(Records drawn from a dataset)
· · · ·

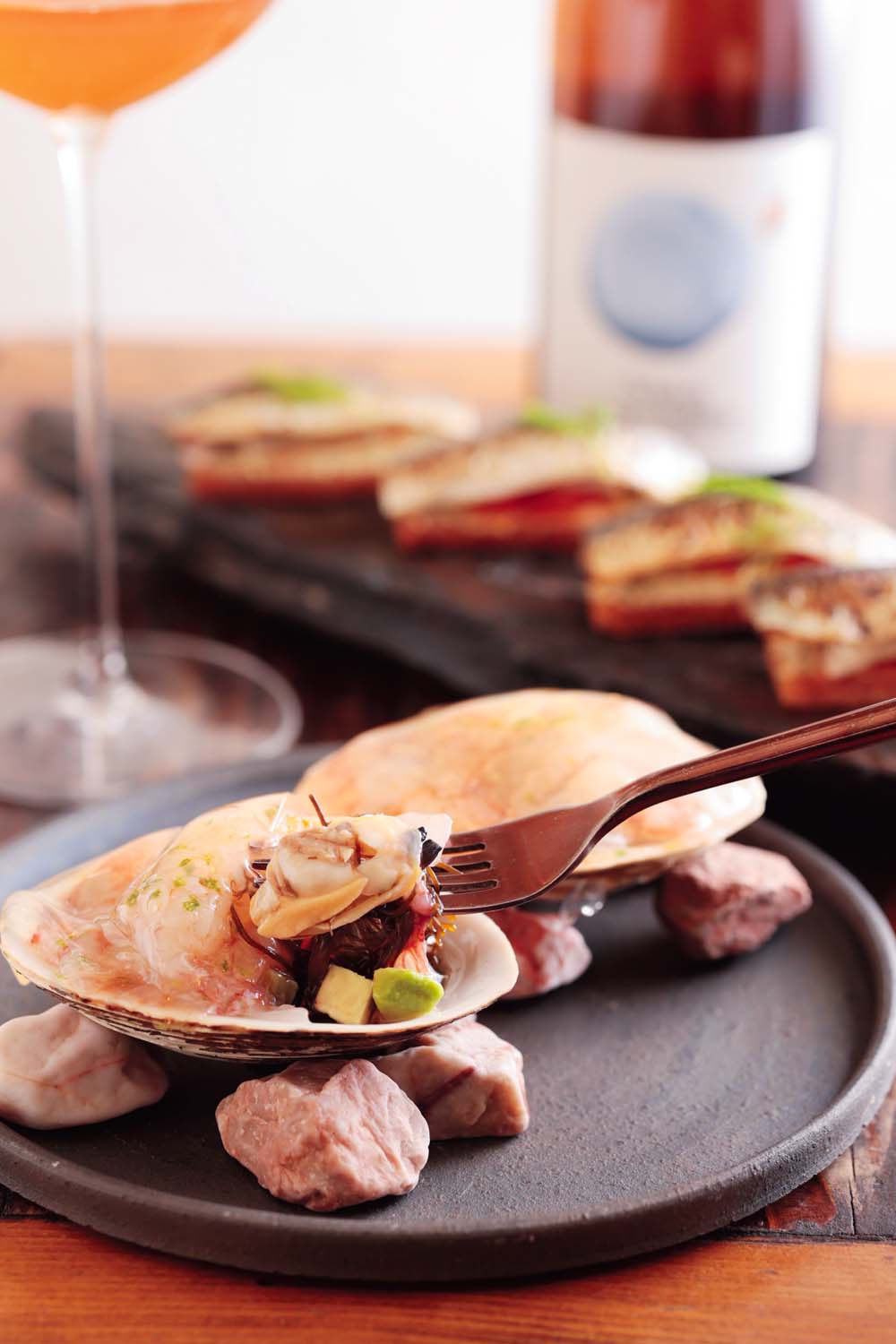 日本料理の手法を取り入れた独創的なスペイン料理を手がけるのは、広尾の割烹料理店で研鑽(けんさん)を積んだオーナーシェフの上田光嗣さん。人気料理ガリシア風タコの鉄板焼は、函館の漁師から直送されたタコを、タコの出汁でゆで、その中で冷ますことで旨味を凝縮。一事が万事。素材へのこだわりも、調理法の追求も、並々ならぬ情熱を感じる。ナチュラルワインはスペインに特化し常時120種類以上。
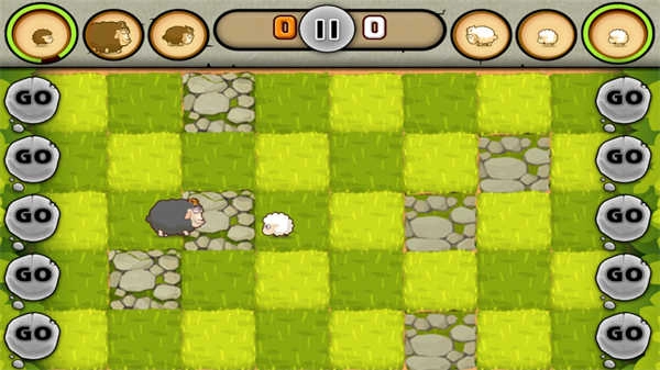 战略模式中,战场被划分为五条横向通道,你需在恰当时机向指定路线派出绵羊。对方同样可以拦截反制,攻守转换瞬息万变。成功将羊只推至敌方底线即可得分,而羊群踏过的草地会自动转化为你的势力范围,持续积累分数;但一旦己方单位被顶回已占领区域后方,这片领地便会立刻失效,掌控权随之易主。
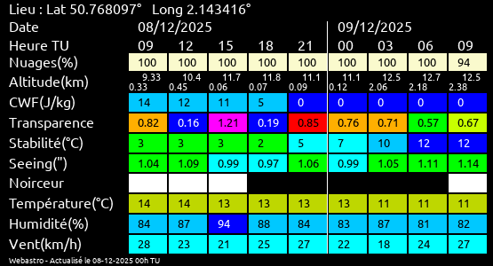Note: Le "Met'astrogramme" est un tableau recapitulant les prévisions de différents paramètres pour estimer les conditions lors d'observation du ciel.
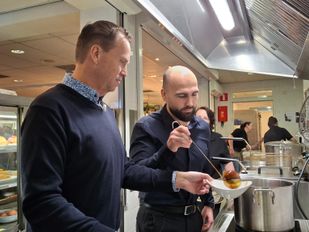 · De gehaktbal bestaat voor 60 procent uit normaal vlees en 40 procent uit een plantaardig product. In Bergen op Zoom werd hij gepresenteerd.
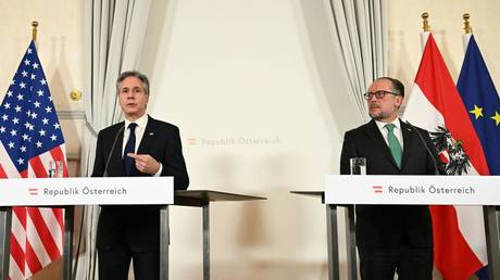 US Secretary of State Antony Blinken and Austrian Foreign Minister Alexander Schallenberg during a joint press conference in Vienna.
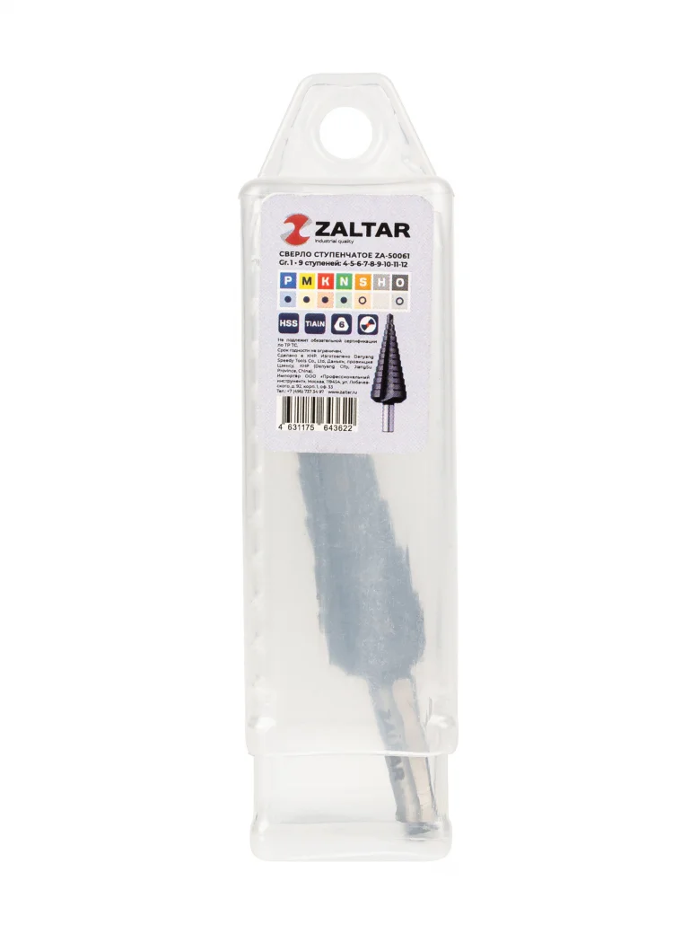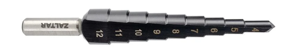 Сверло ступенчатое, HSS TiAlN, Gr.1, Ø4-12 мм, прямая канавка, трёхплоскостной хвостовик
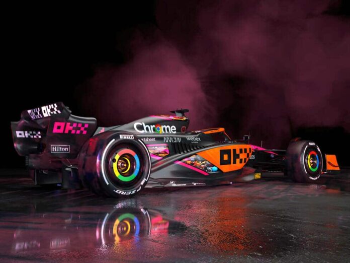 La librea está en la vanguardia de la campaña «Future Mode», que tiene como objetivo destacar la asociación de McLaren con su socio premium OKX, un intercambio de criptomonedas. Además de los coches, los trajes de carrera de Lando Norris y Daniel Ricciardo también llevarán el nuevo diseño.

· · · ·

*Work instructions*
Look above for the line with "werd hij gepresenteerd."; quote it and every line after it, stopping after the line with "Сверло ступенчатое, HSS", exactly, with nothing added and without pictures.

*Answer area*
 · De gehaktbal bestaat voor 60 procent uit normaal vlees en 40 procent uit een plantaardig product. In Bergen op Zoom werd hij gepresenteerd.
 US Secretary of State Antony Blinken and Austrian Foreign Minister Alexander Schallenberg during a joint press conference in Vienna.
 Сверло ступенчатое, HSS TiAlN, Gr.1, Ø4-12 мм, прямая канавка, трёхплоскостной хвостовик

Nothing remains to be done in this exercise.